If given $F(u_k)\to F(u)$ and $F'(u_k)\nabla u_k \to F'(u)\nabla u$ in $L^p$, why we have $F(u) \in W^{1,p}$ and $\nabla F(u)=F'(u)\nabla u?$

Question

If $F$ continuous, $u_k \in C^{\infty}(\overline U)$, $u \in W^{1,p} (U)$.

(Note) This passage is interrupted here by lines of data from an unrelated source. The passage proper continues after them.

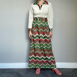 Vintage 60s Red Green Geometric Psychedelic Maxi Dress Size 6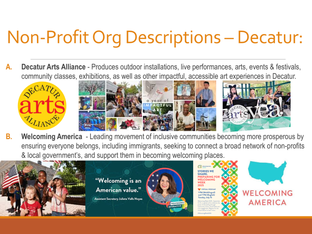 In context of DHS’ Community Connections, the following, embedded file illustrates the Decatur High School’s geographical context and relevant, local non-profit organizations, as well as established, or potential future relationships: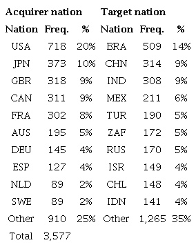 The most frequently occurring host country in the sample is Brazil, constituting 14% of the acquisitions, which notably distances it from China and India, each accounting for 9%. On the acquirer side, the United States emerges as the most dominant, representing 20% of the sample. In contrast, Japan, the second most frequent acquirer nation, comprises approximately half of the United States’ representation with 10%, closely followed by Great Britain and Canada, each constituting 9% of the sample.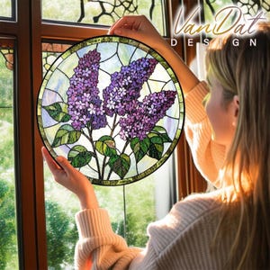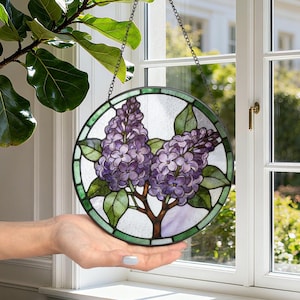 Purple lilac flowers stained glass suncatcher window decor gift for flower lover
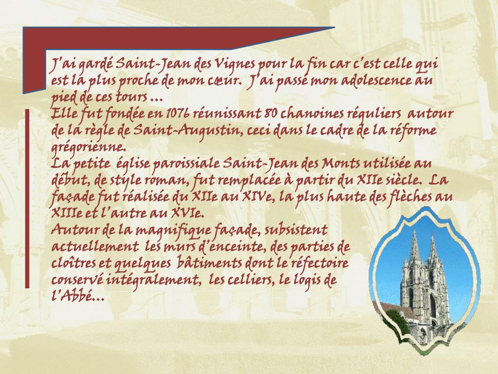 J’ai gardé Saint-Jean des Vignes pour la fin car c’est celle qui est la plus proche de mon cœur. J’ai passé mon adolescence au pied de ces tours … Elle fut fondée en 1076 réunissant 80 chanoines réguliers autour de la règle de Saint-Augustin, ceci dans le cadre de la réforme grégorienne. La petite église paroissiale Saint-Jean des Monts utilisée au début, de style roman, fut remplacée à partir du XIIe siècle. La façade fut réalisée du XIIe au XIVe, la plus haute des flèches au XIIIe et l’autre au XVIe. Autour de la magnifique façade, subsistent actuellement les murs d’enceinte, des parties de cloîtres et quelques bâtiments dont le réfectoire conservé intégralement, les celliers, le logis de l’Abbé…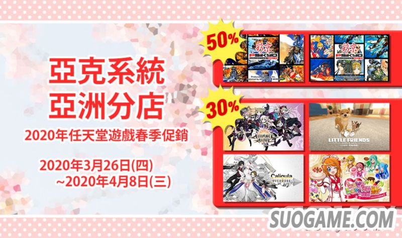 亚克系统(ARC SYSTEM WORKS)亚洲分店宣布,上市于Nintendo Switch?平台的《彩京精选 Vol.2》《小小伙伴 -狗狗&猫猫-》《卡里古拉·过量强化 Caligula Overdose》等6款游戏将从明天3月26日(四)至4月8日(三)进行为期2周的春季促销。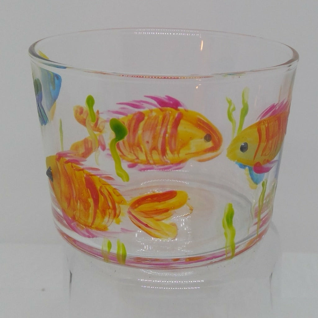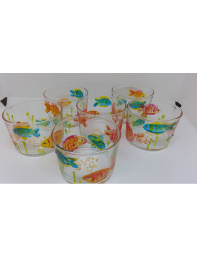 Série de 6 verres à bodega peints main aux motifs de petits poissons.

If given $F(u_k)\to F(u)$ and $F'(u_k)\nabla u_k \to F'(u)\nabla u$ in $L^p$, why we have $$F(u) \in W^{1,p}$$ and $$\nabla F(u)=F'(u)\nabla u?$$

Thanks so much!

Answer 1

You will need more than mere continuity of $F$. What is meant by $F'$? Assuming $F$ is smooth enough (Lipschitz continuous will do) you have the following: if $\phi \in C_0^\infty(U)$, then integration by parts and the usual chain rule imply $$ \int_U F(u_k) \nabla \phi \, dx = - \int_U \nabla (F(u_k)) \phi \, dx = - \int_U (F'(u_k) \nabla u_k) \phi \, dx$$ Under the stated hypotheses, and using the fact that $\phi,\nabla \phi \in L^{p'}$, you may take the limit on both sides to arrive at $$ \int_U F(u) \nabla \phi \, dx = - \int_U (F'(u) \nabla u) \phi \, dx.$$ Since this holds for any $\phi \in C_0^\infty(U)$, by definition the weak gradient of $F(u)$ is $F'(u) \nabla u$.